__Task requirements__: Skip the pictures. Set down, word for word, the lines from the start of the material up to and including the line with "enhance teal hues.".

__Input material__:
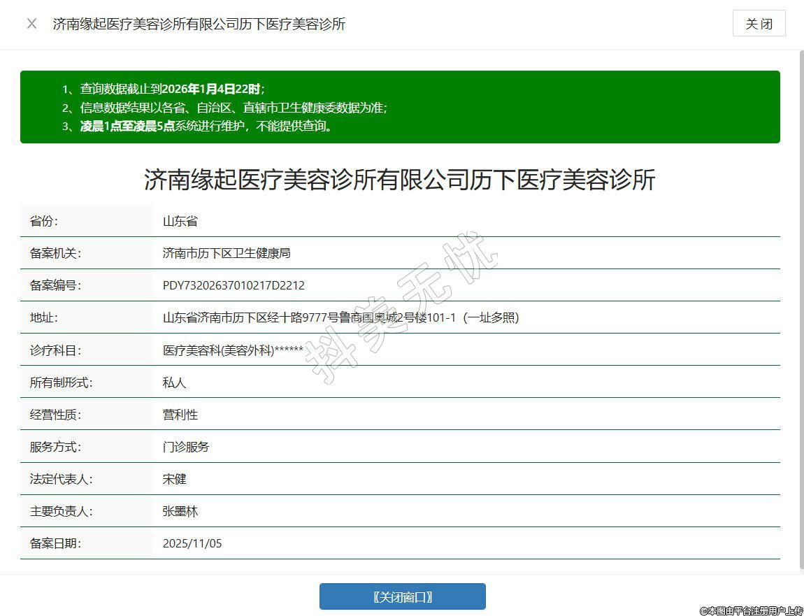 济南缘起医疗美容诊所成立于2025年,位于山东省济南市历下区经十路9777号鲁商国奥城2号楼101-1(一址多照),依法取得《医疗机构执业许可证》的合规医疗美容机构,汇聚具备相应执业资格的专业医师团队,诊疗活动严格限定在核准科目范围内。
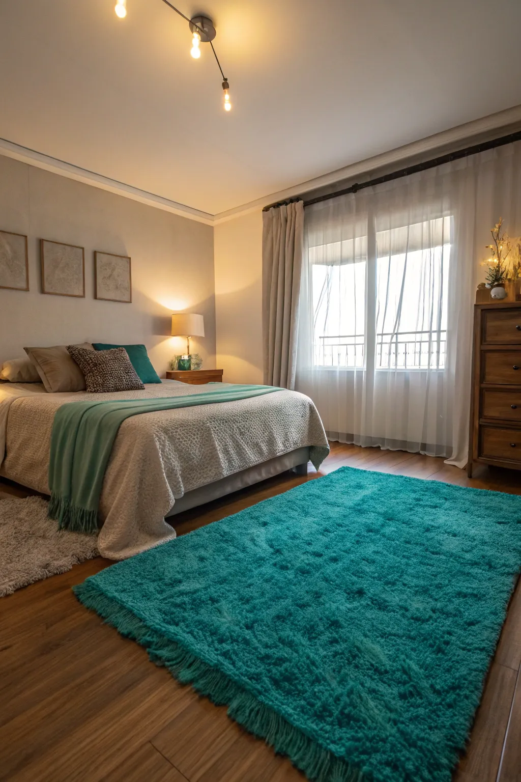 • See-Through Turquoise Drapes: Illuminate your room with see-through turquoise drapes that allow sunlight to enhance teal hues.
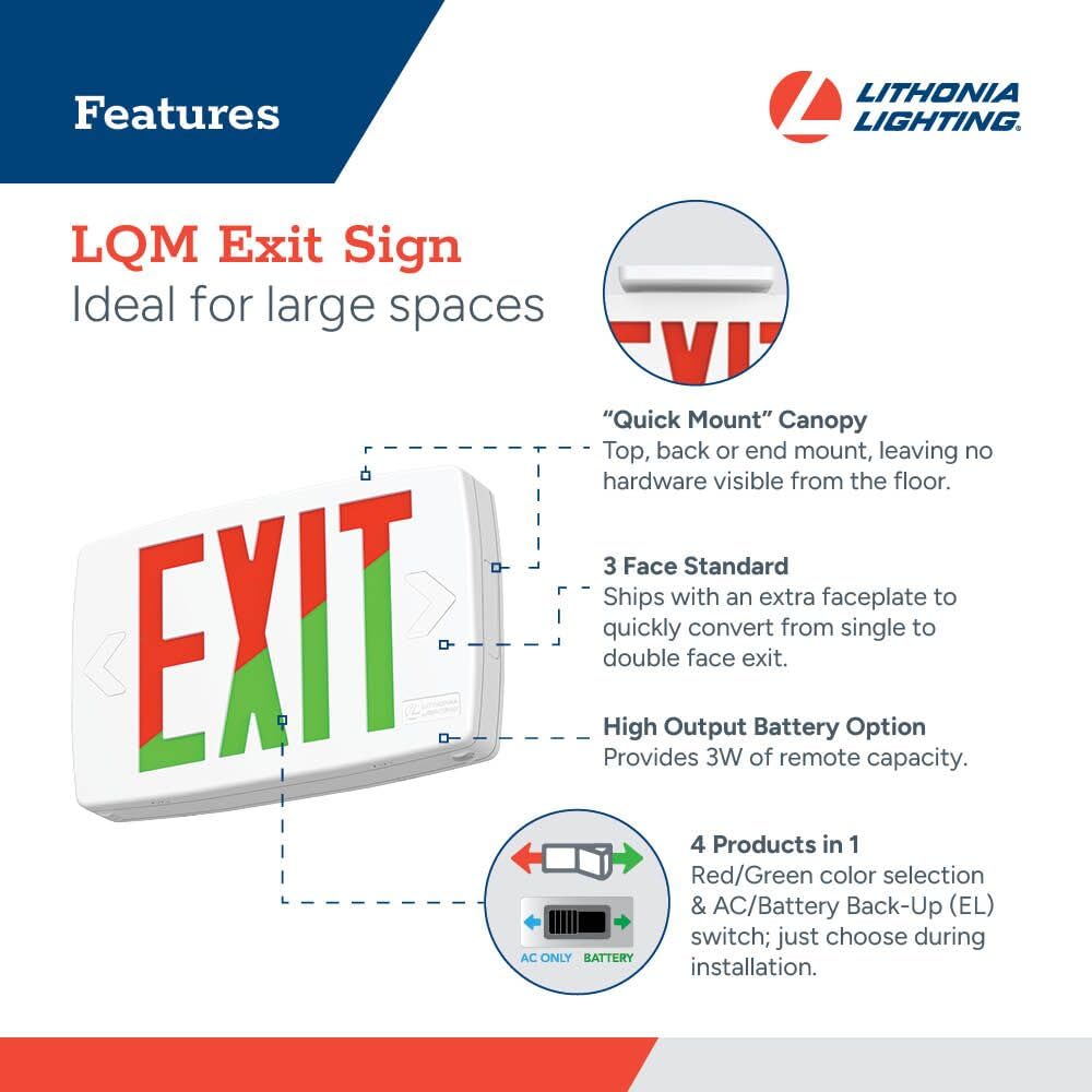 - HEAVY DUTY 4-IN-1 LED EXIT SIGN: The LQM Exit Sign is an attractive, slim exit light that offers red and green letter coloring and a choice between AC or battery back-up; Engineering-grade thermoplastic housing resists impacts, scratches, and corrosion
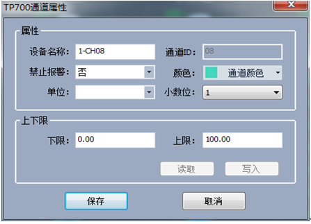各個通道的參數可在設備管理區域內,選擇相應的通道點擊鼠標右鍵設備屬性進行設置。如下圖2-13通道屬性設置,在此窗口內可設置通道名稱,禁止報警,顯示顏色,通道單位,顯示小數位數等,并能夠向下位機讀取或者寫入通道的下限和上限等操作。
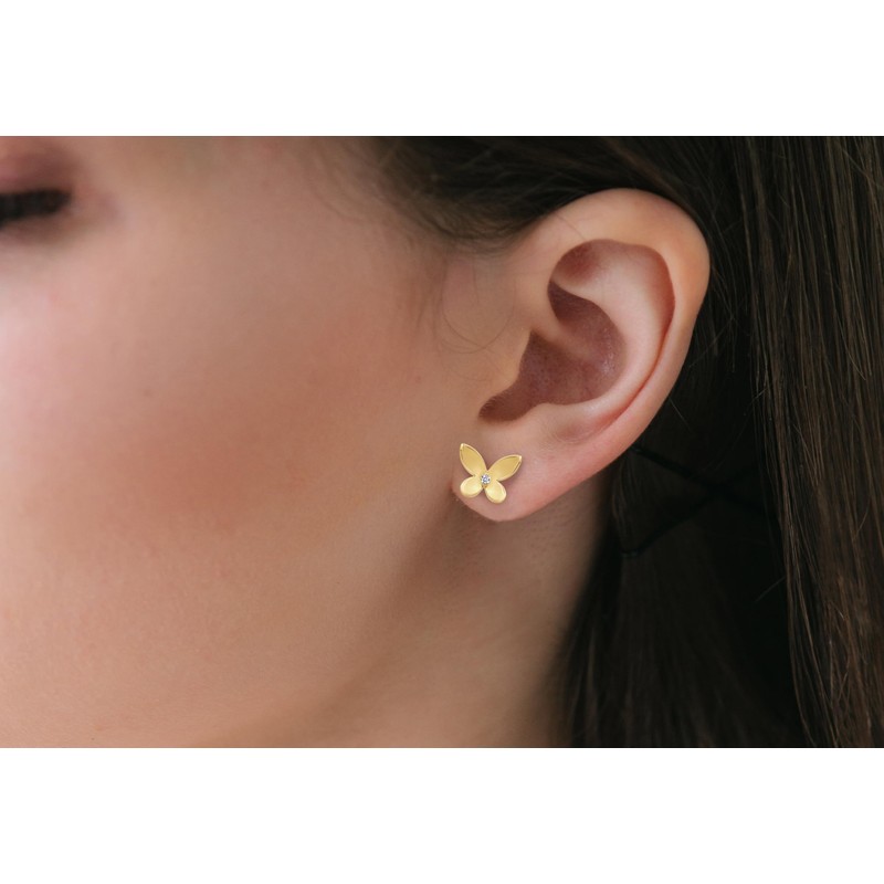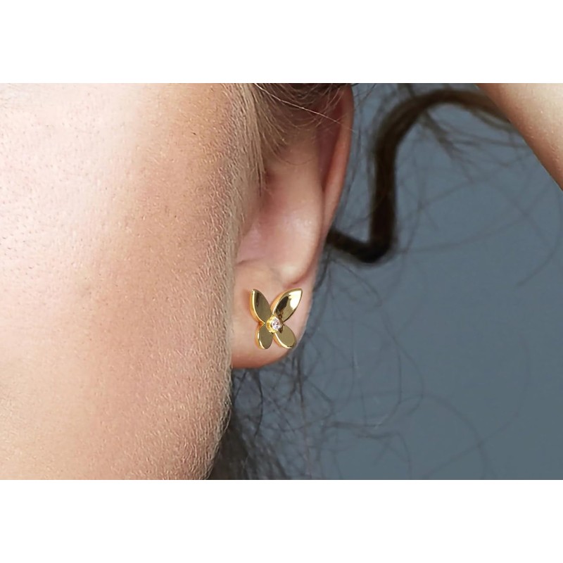 Princess Collection - "Golden Butterfly" - 12.8 mm (0.15 Carat/Pair) Cubic Zirconia 22K Gold-Plated Stud Earrings For Sensitive Ears
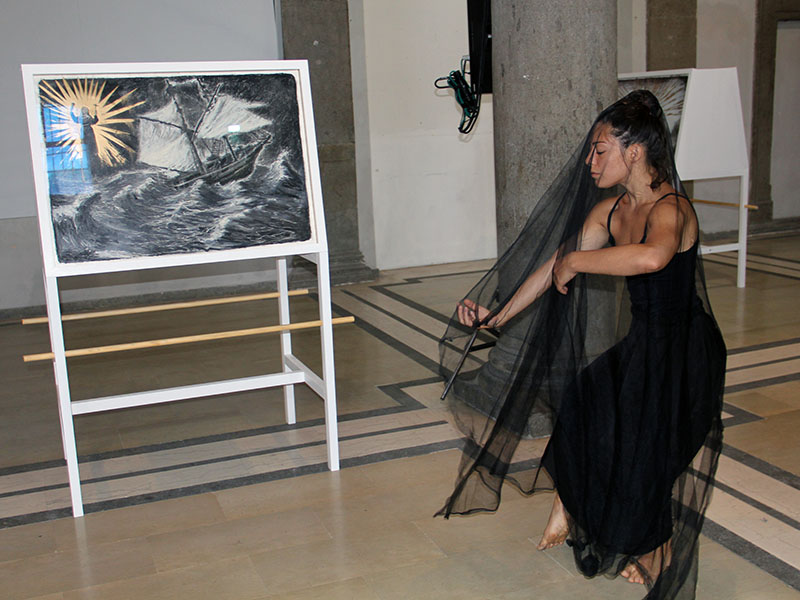 Non resta che ammirare l'opera, districandosi tra le voci rilanciate dalle casse e la performance di danza che in alcuni momenti propone Jessica De Masi (su coreografie di Loredana Parella).
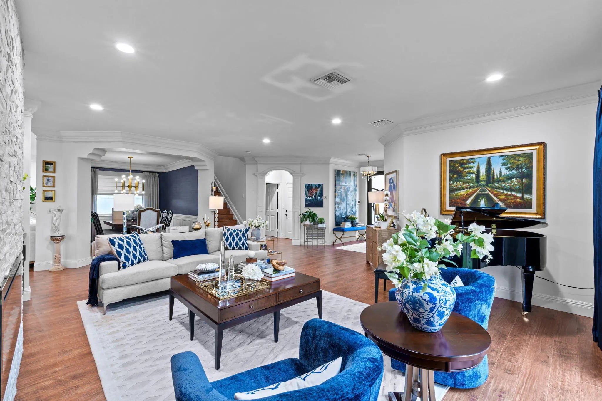 Welcome Home to 9870 Shepard Place in Olympia... where thoughtful design meets everyday comfort in one of Wellington's most sought-after communities. From the moment you walk in, you feel it. The natural light, the clean lines, the subtle upgrades that make the entire home feel elevated yet inviting. With 5 bedrooms plus a media room on the main level, this home offers the flexibility today's lifestyle demands — whether it's movie nights, a home office, or space for everyone to spread out and unwind. The main living areas are anchored by a stunning split-face rock feature wall with a built-in fireplace, creating a warm, welcoming focal point that makes the house feel like home. Fresh paint, smooth ceilings, upgraded laminate flooring, and recessed lighting throughout give the space a modern, move-in ready feel. The kitchen has been beautifully remodeled with KitchenAid Architect Series appliances, soft-close cabinetry, and thoughtful pull-out storage — designed for both everyday living and effortless entertaining. Upstairs, the primary suite feels like a true retreat with custom built-ins in the closet, upgraded mirrors, and refined finishes that carry throughout the home. Guest bathrooms have been tastefully remodeled, and every detail — from zebra blinds to high-end chandeliers and double crown molding — has been carefully selected. Set on a large lot and complete with impact windows and doors, this home offers both beauty and peace of mind. And beyond the home itself, Olympia delivers a lifestyle that's hard to match — resort-style amenities, a vibrant community, and a location close to Wellington's top-rated schools, shopping, dining, and world-renowned equestrian venues.
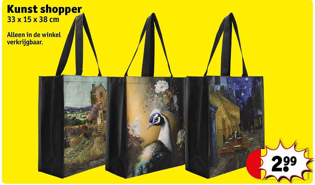 Bekijk de Kunst Shopper aanbieding bij Kruidvat! Deze fantastische aanbieding is nu beschikbaar in de nieuwste Kruidvat folder. Profiteer van deze kans en bespaar flink op je aankoop.
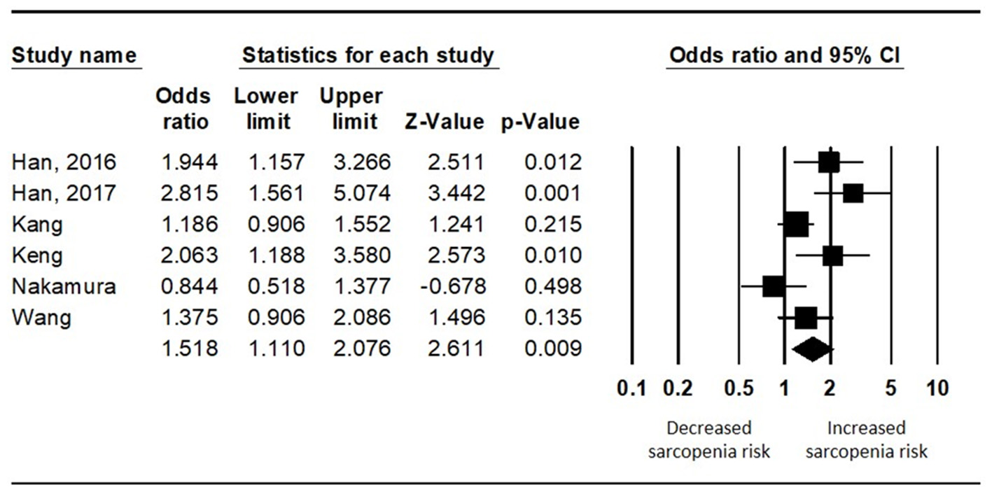 Results: Six articles were included in the systematic review. All the patients were Asian, aged ≥60 years (women 53.4%), and the diabetic and non-diabetic population was 1,537 and 5,485, respectively. In all six studies, the Asian Working Group for Sarcopenia criteria were used to diagnose sarcopenia. The prevalence of sarcopenia was 15.9% in diabetics and 10.8% in non-diabetics. Diabetics showed a significantly higher risk of sarcopenia than non-diabetics (pooled OR = 1.518, 95% CI = 1.110 to 2.076, Z-value = 2.611, p = 0.009).
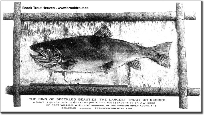 Many people do not believe it's possible for a Brook Trout to get that big. Some were saying it was a Splake, which is a cross between a Brook Trout and a Lake Trout. The Royal Ontario Museum of Zoology in Toronto did examine the fish and certified it to be a genuine pure bred Brook Trout. I myself had a hard time believing it until I found out they are pulling 9 and 10 pound Brookies out of lakes in the Nipigon and Wawa area, and in present times, so an extra 4 pounds in 1915 is not a big stretch. Plus in 1915 there was next to no pollution or fishing pressure.
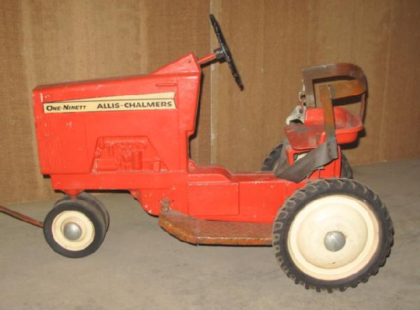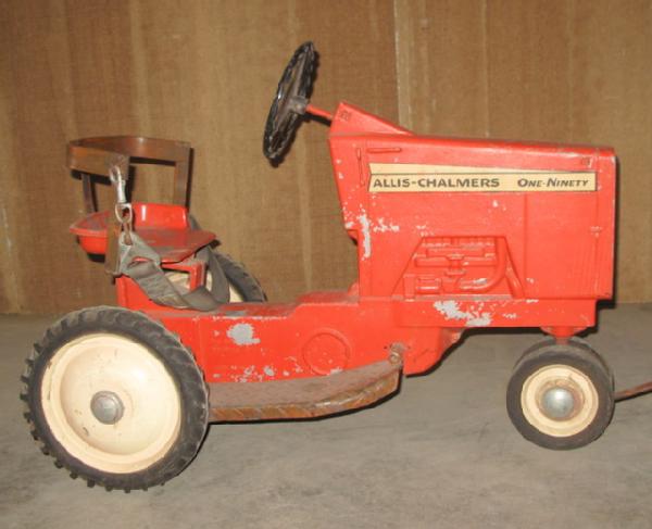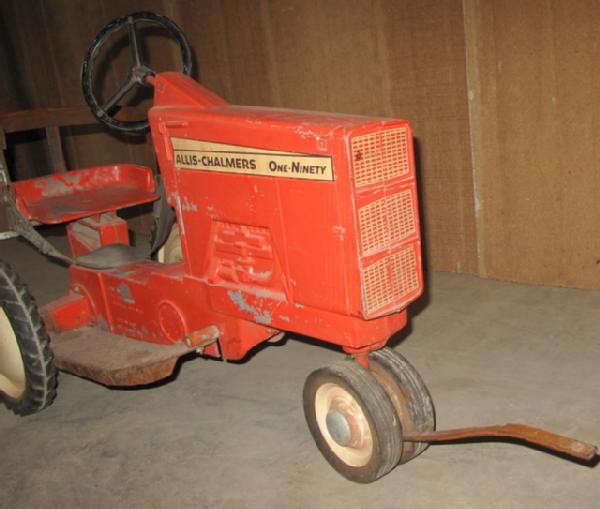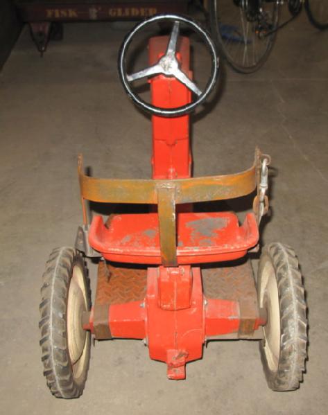 Nice original pedal tractor casting, but has no pedal assembly. This and the next two lots came from a small town in Nebraska and were used as a carnival ride back in the late 60's through the 1970's. They turned on a turntable, so the wheels are A-1 and next to new, has had a safety seat bracket added and foot rests along with a bracket on the front end. They wouldn't take much to restore back to original or leave as they are for a super unique piece for your Toy Collection

__Response for this exercise__:
 济南缘起医疗美容诊所成立于2025年,位于山东省济南市历下区经十路9777号鲁商国奥城2号楼101-1(一址多照),依法取得《医疗机构执业许可证》的合规医疗美容机构,汇聚具备相应执业资格的专业医师团队,诊疗活动严格限定在核准科目范围内。
 • See-Through Turquoise Drapes: Illuminate your room with see-through turquoise drapes that allow sunlight to enhance teal hues.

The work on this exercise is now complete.